Real-Life Application Problems

that lend themselves to a

SYSTEMS approach

  1. In one day the NationalCivilRightsMuseum in Mem-phis, Tennessee, collected $1590 from 321 people admitted to the museum. The price of each adult admission is $6. People with the ages of 4-17 pay the child admission, $4. Estimate how many adults and how many children were admitted that day.
  1. At the Golden Oldies Theater, tickets for adults cost $5.50 and ticketsfor children cost $3.50. How many of each kind of ticket were purchased if 21 tickets were bought for $83.50?
  1. Paul is investing $6000 in two accounts, part at 4.5% and the remainder at 6%. If the total annual interest earned from the two accounts is $279, how much did Paul deposit at each rate?(Hint: you will need to use the formula

I = prt))

  1. You are selling tickets for a HS play. Student tickets cost $4 and general admission tickets cost $6. You sell 525 tickets and collect $2876. How many of each type of ticket did you sell?
  1. You are ordering softballs for two softball leagues. Pony League uses 11” balls priced at $2.75. The Junior League uses 12” balls at $3.25 each. The bill smeared in the rain, but you know the total was 80 softballs for $245. How many of each size did you select?
  1. Your math teacher tells you that next week’s test is worth 100 points and contains 38 problems. Each problem is worth either 5 points or 2 points. Because you are studying systems of linear equations, your teacher says that for the extra credit you can figure out how many problems of each value are on the test. How many of each value are there?
  1. A store is selling compact discs for $10.50 and $8.50. You buy 10 discs and spend a total of $93. How many compact discs did you buy that cost $10.50? that cost $8.50?
  1. A total of $16,000 is invested in two individual retire-ment accounts paying 5% and 6% annual interest. The combined annual interest earned is $860. How much of the $16,000 is invested in each account? (Hint: you will need to use the formula I = prt; design one equation for the amount invested in each fund and another for the interest earned.
  1. Your teacher is giving a test worth 250 points. There are 68 questions. Some questions are worth 5 points and the rest are worth 2 points. How many of each question are on the test?
  1. You have 50 tickets to ride the Ferris wheel and the roller coaster. If you ride 12 times, using 3 tickets for each Ferris wheel ride and 5 tickets for each roller coaster ride, how many times did you go on each ride?
  1. The members of the city cultural center have decided to put on a play. Their auditorium holds 500 people. The members would like to raise $3150. Adult tickets will sell for $7.50 each, student tickets for $4.50 each. How many of each type of ticket must be sold for the members to raise exactly $3150?

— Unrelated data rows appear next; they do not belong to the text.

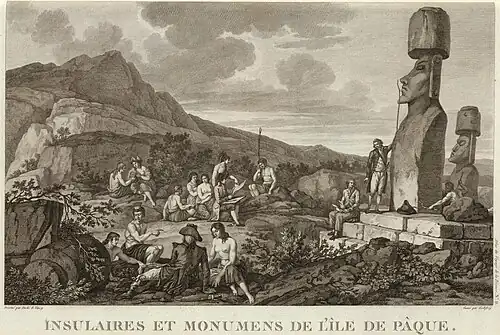 On April 10, 1786, French Admiral Jean-François de Galaup, comte de Lapérouse anchored at Hanga Roa at the start of a circumnavigation of the Pacific. He made a detailed map of the bay, including his anchorage points, as well as a more generalised map of the island, plus some illustrations.[58]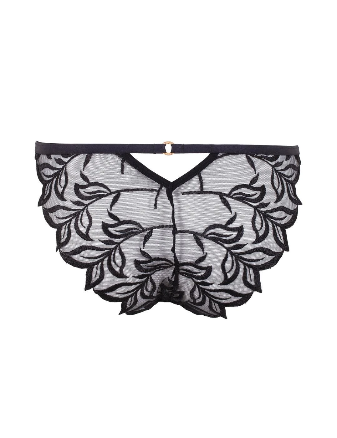 Bless your lingerie drawer with this cheeky little brief by Bluebella. From the Isadora range, this low-rise brief has all-over sheer mesh with a leafy pattern that creates a feminine look. It has string sides that lead round to the medium coverage rear that has a mini triangle cut-out underneath the waistband and this brief features gold hardware accents throughout. This brief matches perfectly with the other pieces from this range which are also available and allows you to create the ultimate flirty look.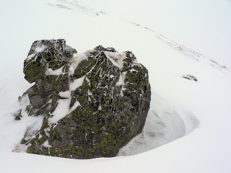 Skúsil som aj výlet do malých Závratov, ale to bolo ako ponor do mlieka. Len sem tam tmavý kameň. A keď sa raz tá hmla trochu zdvihla, z hrebeňa sa vyškierali poriadne preveje. Tak som radšej odtiaľ zmizol a dal som si Žiarske sedlo od chaty ešte raz. Popoludní už mrak trošku zredol, alebo som si zvykol :-) Aj stopa prešliapnutá, aj ju vidieť bolo, len nad rázcestím Pod Homôľkou rozlyžovaná. Ale cestou nazad k chate som si užil aj frírajd popod vlek – asi 6 oblúkov :-)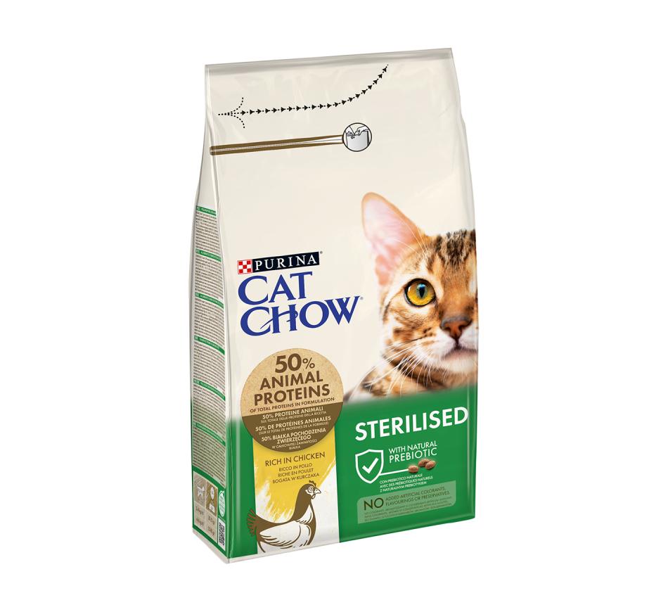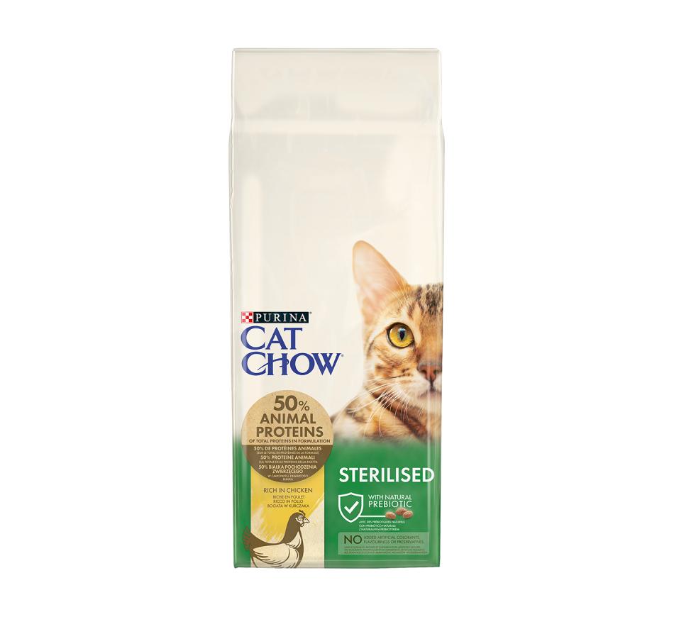 Cat Chow is rich in chicken, and over 50% of the total protein comes from animal sources to meet your cat's natural needs. The recipe also includes chicory, a natural prebiotic source proven to help improve healthy digestion, so your cat gets more benefit from the food.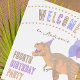 Customized by you, this cute dinosaur birthday WELCOME sign is a great way to greet and direct your guests into your child's dinomite party. Easy to edit for any age needed, all you need to personalize on this dino welcome sign is the name and birthday age, but everything can be customized except for WELCOME in the colorful letters. WELCOME in curved text is bordered by dark peach tan dots in an arch. This brown T-Rex in a party hat and balloons was designed for both boys and girls in a gender neutral pallet of tan, brown, peach, purple and blue.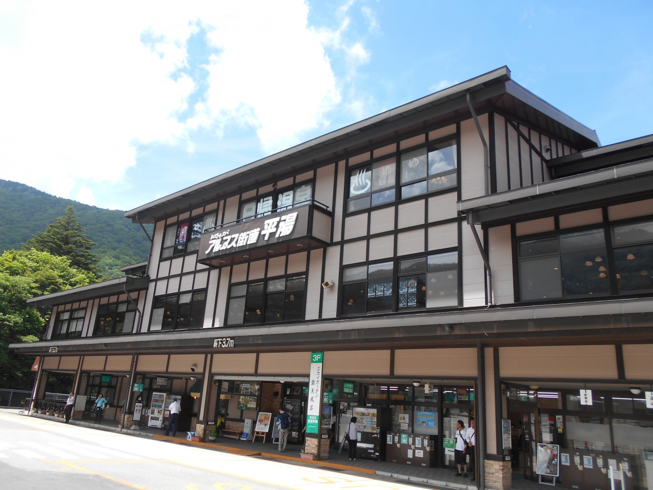 平湯の玄関口にあるドライブインで上高地・高山方面への路線バスや高速バス・特急バスの発着場となっているバスターミナルに併設されており、多くの人で賑わっています。1階が飛騨の名産品が一堂に揃うショッピングセンターと軽食やコーヒーなどのカフェ・レストランとなっています。2階は団体客向けのレストランのようです。足湯もあるのでゆっくり休憩できます。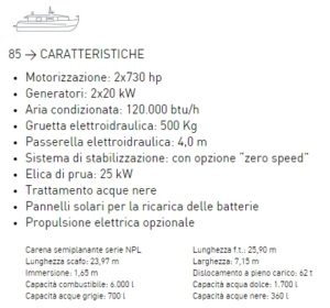 > EFFICIENZA IDRODINAMICA della carena semiplanante che richiede motorizzazioni di potenza limitata, garantendo consumi, emissioni e costi di manutenzione molto contenuti.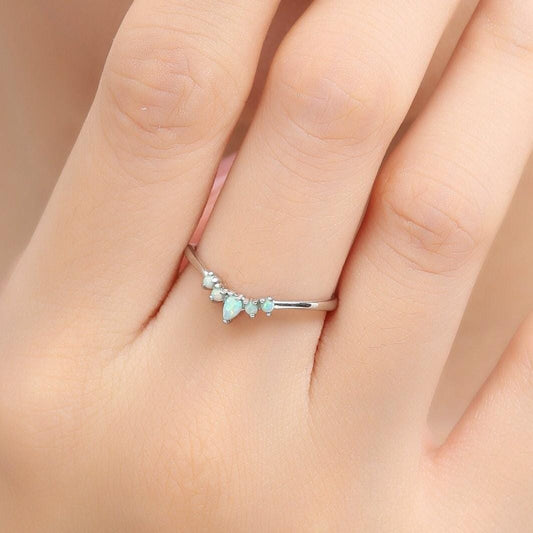 White Opal Chevron Ring in Sterling Silver, Fire Opal Crown Ring, Lab Opal Tiara V Ring, Adjustable Size, Nesting Band, Curved Wedding Ring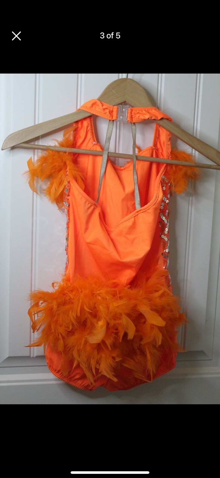 Danceco Orange Sequence, Child s Large Jazz Costume W/ Attachable Boa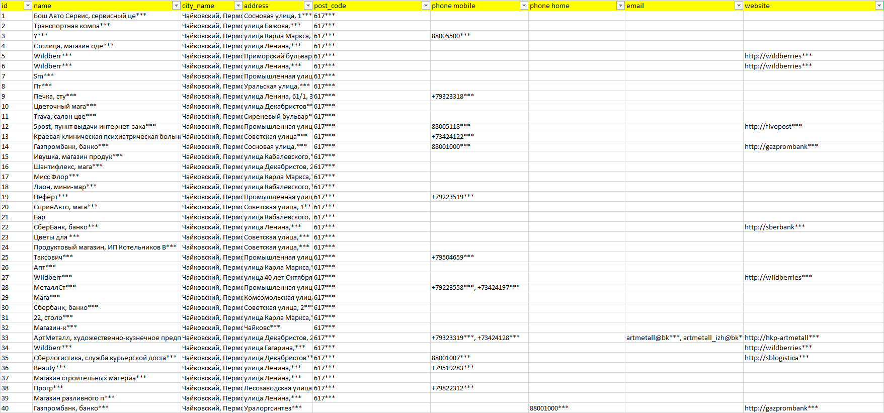 База компаний Чайковский, вся РФ в формате Excel с эл. почтами, телефонами, сайтами, ссылками на соц сети, координатами и другой информацией. Скачайте демо версию, чтобы ознакомиться с данными.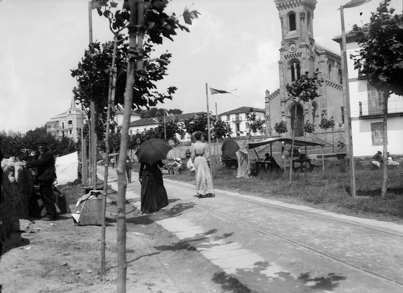 - ES 1885-1895 Vista parcial de la actual Avenida Basagoiti en Algorta mostrando a la derecha la iglesia de San Ignacio.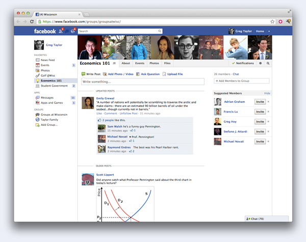Одной из наиболее любопытных составляющих функциональности Groups for Schools следует признать возможность для пользователей обмениваться небольшими файлами размером до 25 МБ, к примеру, записями лекций, графиками проведения спортивных мероприятий и фотографиями (ожидается, что передаваемый контент будет отслеживаться на предмет пиратства). Кроме того, вступившие в ту или иную группу пользователи имеют возможность пригласить своих однокурсников и преподавателей.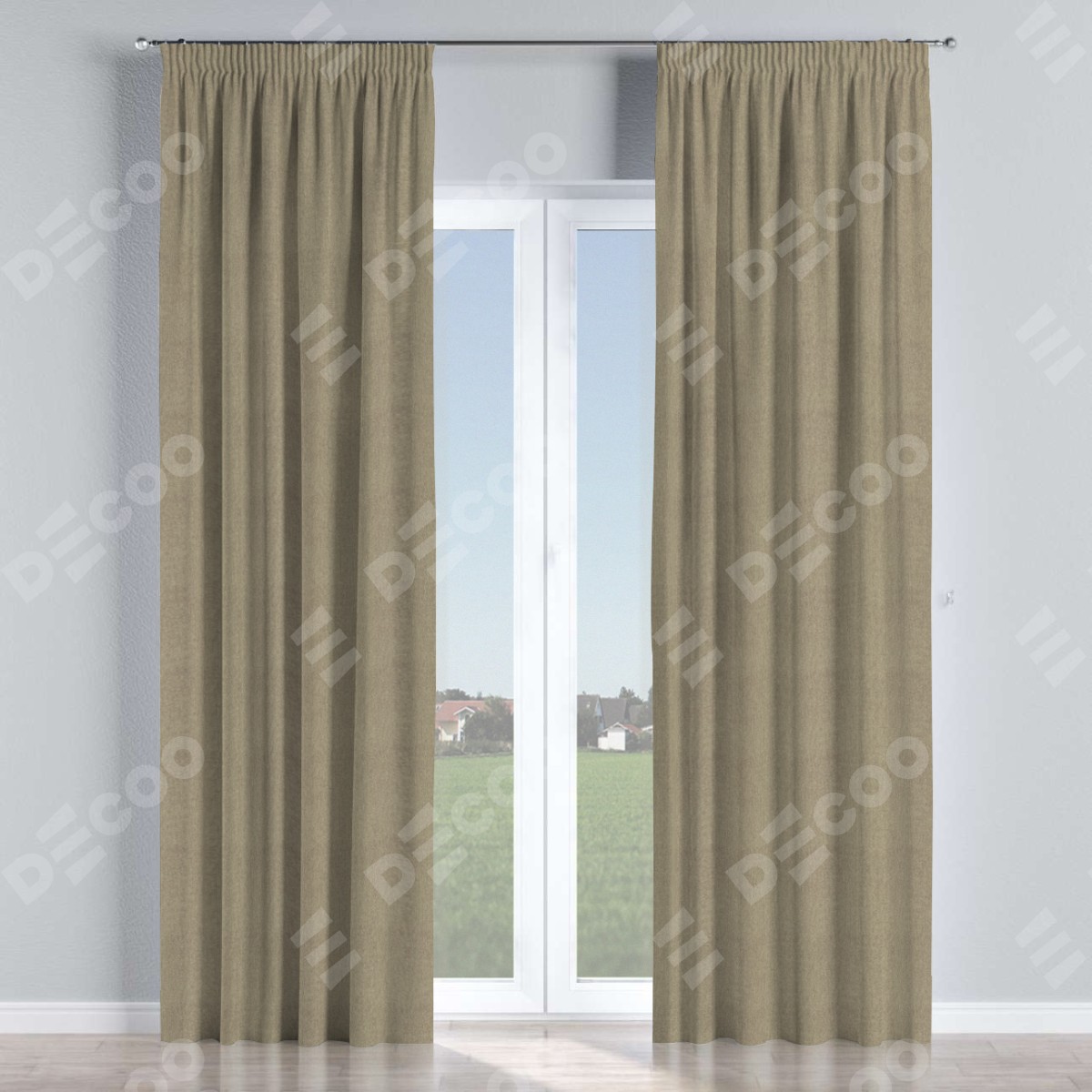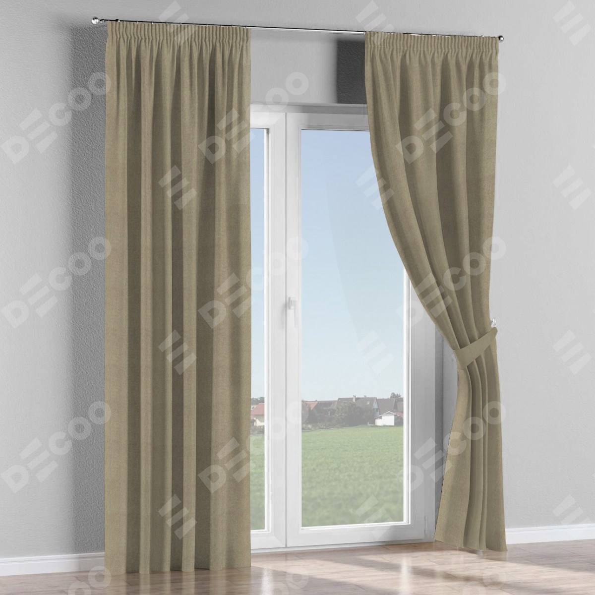 Комплект прямых штор, от производителя «Cortin», пошиты из ткани твид блэкаут кофе, артикул ткани 21575. С изнаночной стороны в верхней части штор пристрачивается шторная лента с декоративными складками «Карандаш». Для создания элегантных складок прямые шторы шьются по стандарту с коэффициентом 1:2 (на 100 см. ширины проёма 200 см. ширины ткани).
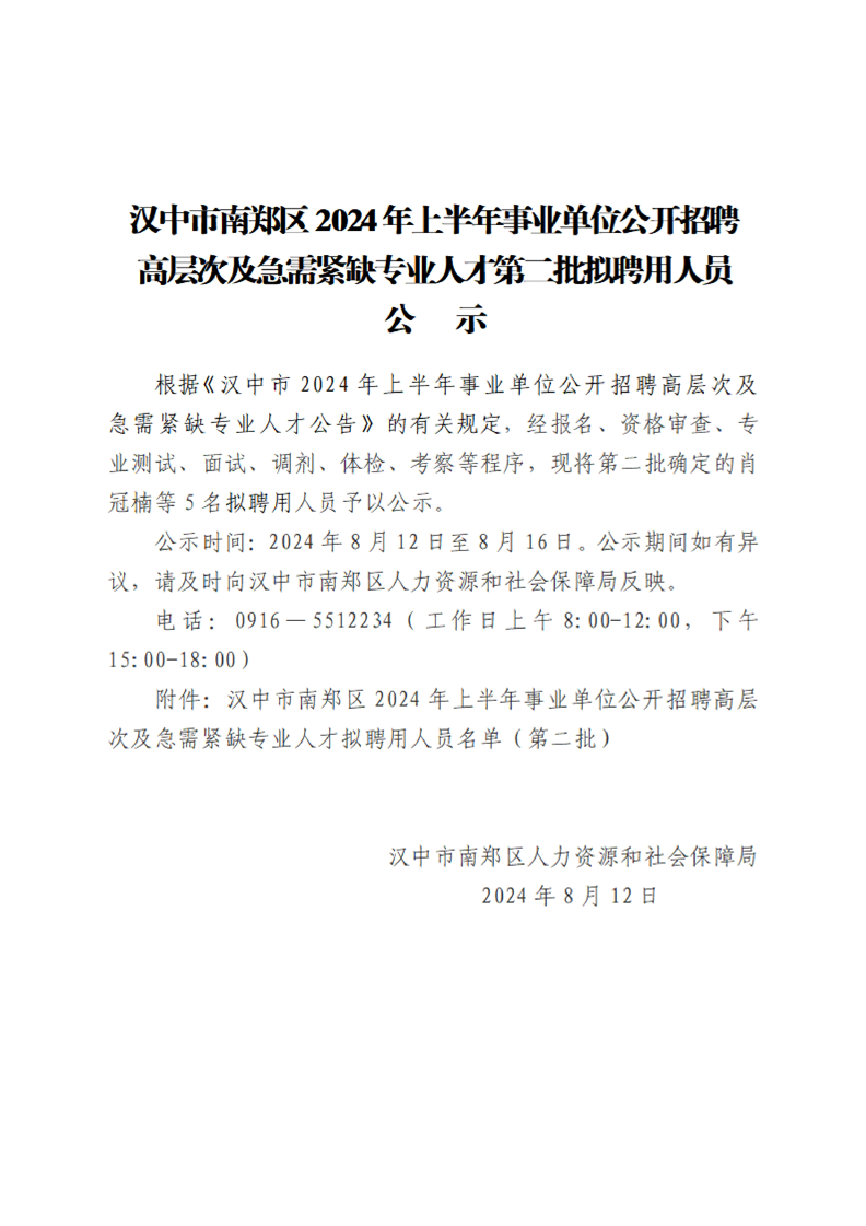 附件:汉中市南郑区2024年上半年事业单位公开招聘高层次及急需紧缺专业人才拟聘用人员名单(第二批)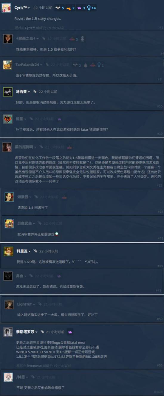 然而,也有玩家反馈仍会遇到Fatal Error报错。同时,一些海外玩家对1.5版本修改剧情与玩法表示不满,尤其是高难度关卡的调整,被部分玩家视为“删减”或“阉割”内容。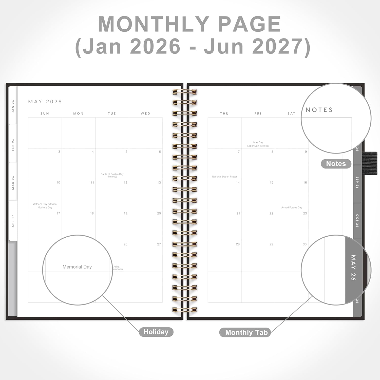 - 18-MONTH MONTHLY PLANNER: This 18-month monthly calendar planner (8.5" X 11"), covering from January 2026 to June 2027, has monthly & weekly planning pages for long-term planning.
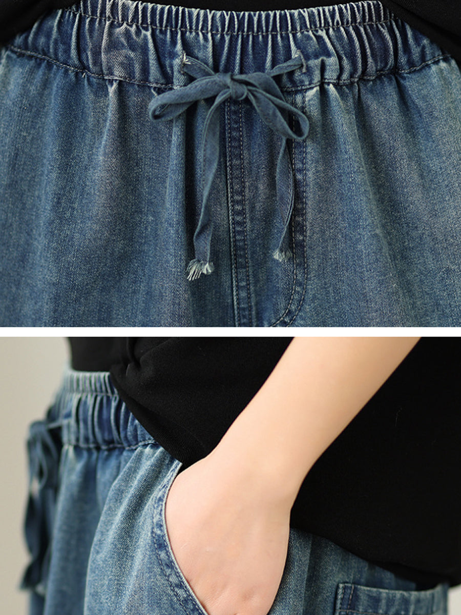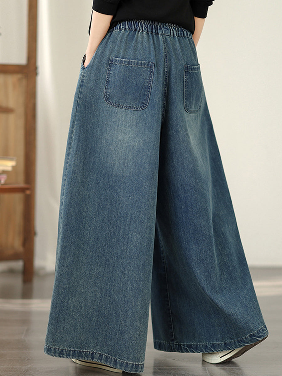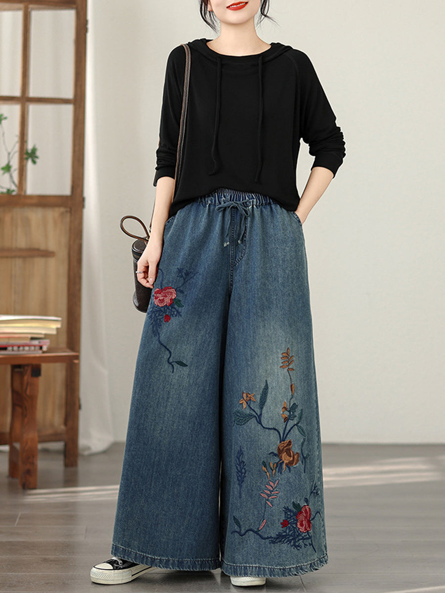 Calça feminina vintage de primavera em jeans com bordado floral e pernas largas
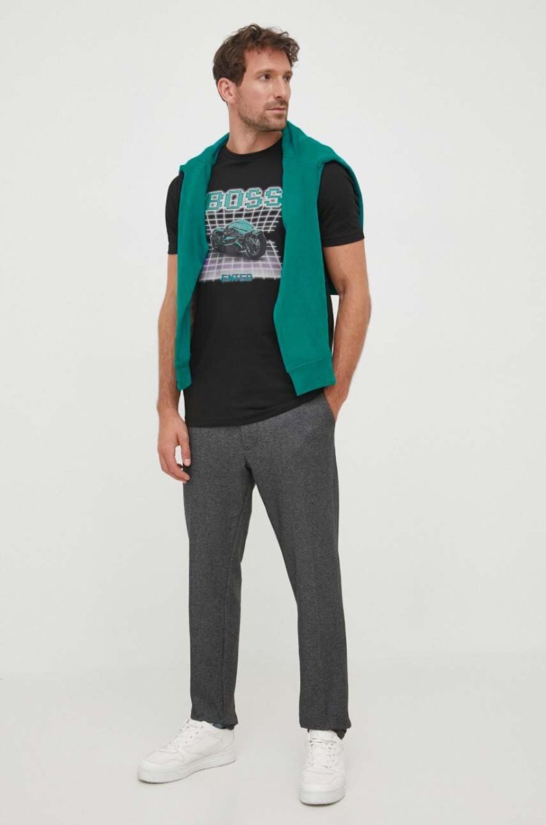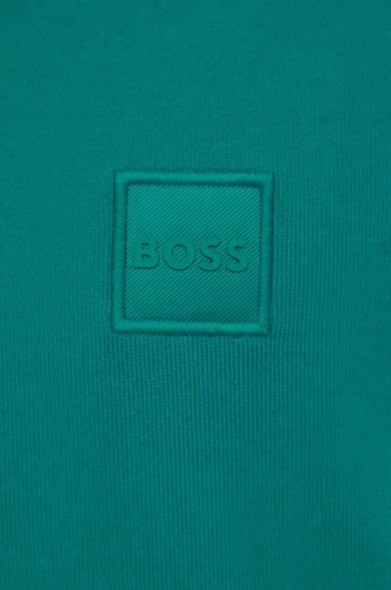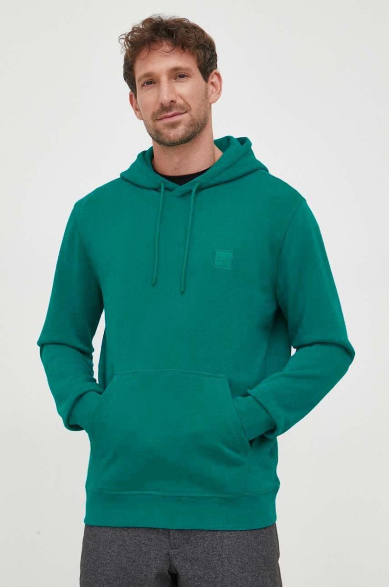 Бавовняна кофта BOSS BOSS CASUAL чоловіча колір зелений з капюшоном однотонна

12.A total of $25,000 is invested in two funds paying 5% and 6% annual interest. The combined interest is $1400. How much of the $25,000 is invested in each type of fund? (Hint: you will need to use the formula I = prt; design one equation for the amount invested in each fund and another for the interest earned.

  1. Tickets for the theater are $5 for the balcony and $10 for the orchestra. If 600 tickets were sold and the total receipts were $4750, how many tickets were sold for the orchestra?
  1. An investor bought 225 shares of stock, stock A at $50 per share and stock B at $75 per share. If $13,750 worth of stock was purchased, how many shares of each kind did the investor buy?
  1. A sightseeing boat charges $5 for children and $8 for adults. On its first trip of the day, it collected $439 for 71 paying passengers. How many children and how many adults were there?
  1. There are sixteen workers employed on a highway project, some at $200 per day and some at $165 per day. The daily payroll is $2745. Find the number of workers employed at each wage.
  1. In one day, the Ticket-Taker Agency sold 395 tickets for a concert, some at $28 per ticket and some at $22 per ticket. If the agency collected $10,130 that day, find the number of tickets sold at each price.
  1. A store sold 28 pairs of cross-trainer shoes for a total of $2220. Style A sold for $70 per pair and Style B sold for $90 per pair. How many of each style were sold?